Exhibition highlights South Leeds women fighting for the vote

An exhibition at Beeston Library last month told the story of the campaigners whose efforts led to (some) women winning the vote one hundred years ago.

Vine Pemberton Joss speaking at Beeston Library

The Vote before the Vote exhibition told the story of the long 19th century march towards the full Parliamentary franchise, and the Leeds women who kept pushing and fighting for the vote. As the 20th century dawned there was still a long way to go. But each advance was a victory, and without these local women it might never have happened.

The name of the exhibition comes from the fact that women, so long as they owned property, did have the vote in local elections. It re-traced the steps of these inspirational women, some who grew up and started the movement in Beeston.

The photographic exhibition was created by Vine Pemberton Joss, who gave talk about the themes and the characters to a packed Beeston Library on 19 October.

Mary Gawthorpe

Amongst the inspirational women who started the early movement for the women’s vote was Mary Gawthorpe who lived and worked in Beeston. There is a common perception that these early feminists were middle class do-gooders, but these were working women.
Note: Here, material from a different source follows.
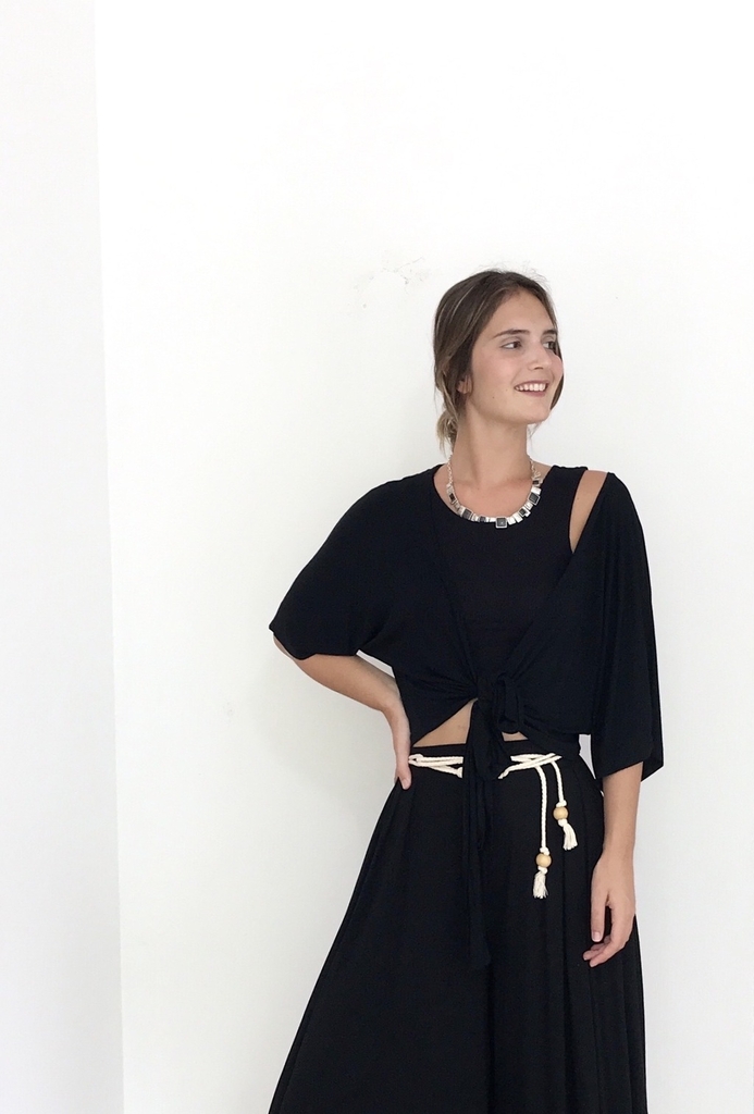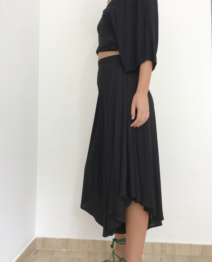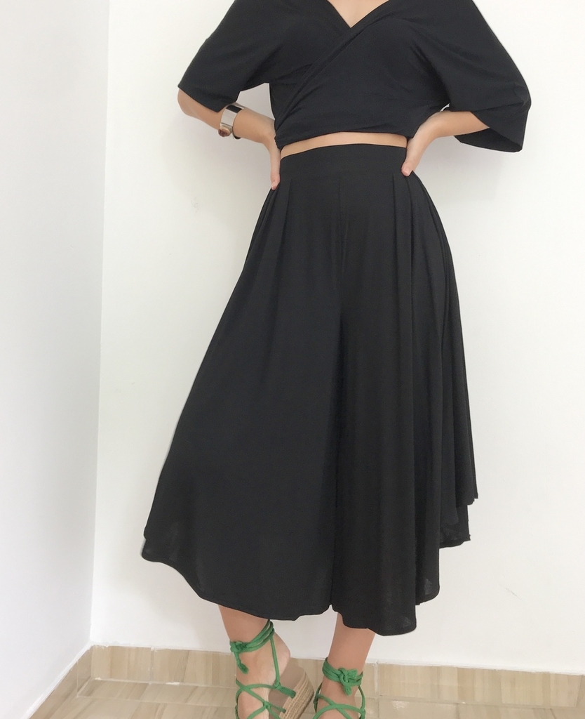 PANTACOURT ESSÊNCIA PRETA + BLUSA TRANSPASSADA Super ampla, confortável, para te deixar livre e permitir todos os seus movimentos. No cós é feita com elástico . A peça tem 3 pregras na parte da frente e duas na parte de trás, fazendo com que tenha um movimento e caimento incrível no corpo, com o caminhar quase parece uma saia.

Mary left a violent father in Woodhouse and took her mother with her. She lived near the junction of Fulham and Greenmount Streets in Beeston Hill and taught at St Luke’s School. She later became a national organiser for the suffragettes Women’s Social and Political Union, before leaving for America, where she died in 1973.

Another working class woman was Mary Woodcock who was the moving force behind the establishment of children’s homes in Leeds. Mary, the wife of a labourer, lived at 65 Beeston Road. She was elected a ‘Poor Law Guardian’, responsible for overseeing the Workhouse.
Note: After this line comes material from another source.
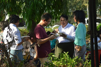 ၾကာဆံေၾကာ္ျဖင့္ ေကၽြးေမြးဒါနျပဳခဲ့ၿပီး မိတ္ကပ္ပညာရွင္ မႀကီးစန္း(ခင္စန္း ဝင္း) ကလည္း အသုပ္စံုကိုေရာင္းခ်၍ ရံပံုေငြကို

Children were often abandoned, especially by men whose wifes had died (often in childbirth). Rather than see them grow up in the Workhouse, Mary established ‘scattered homes’ where they could live in small groups with foster parents. Crucially this meant they didn’t have to wear the Workhouse uniform and could go to the local school with other children, free from the stigma of poverty.

Another body influenced by women was the Leeds School Board. The first two Board schools in Leeds, created to bring in universal education for the first time were at Hunslet Carr and Bewerley Street in South Leeds.

Catherine Buckton was a governor at Hunslet Carr and the minutes of early meetings are full of “Mrs Buckton proposed …” clearly another strong women, getting things done. She also gave health talks to women and wrote about the poor state of housing in South Leeds.

The exhibition included photographs and maps, lots of information about Hunslet workhouse (Hillidge Road) and other documents.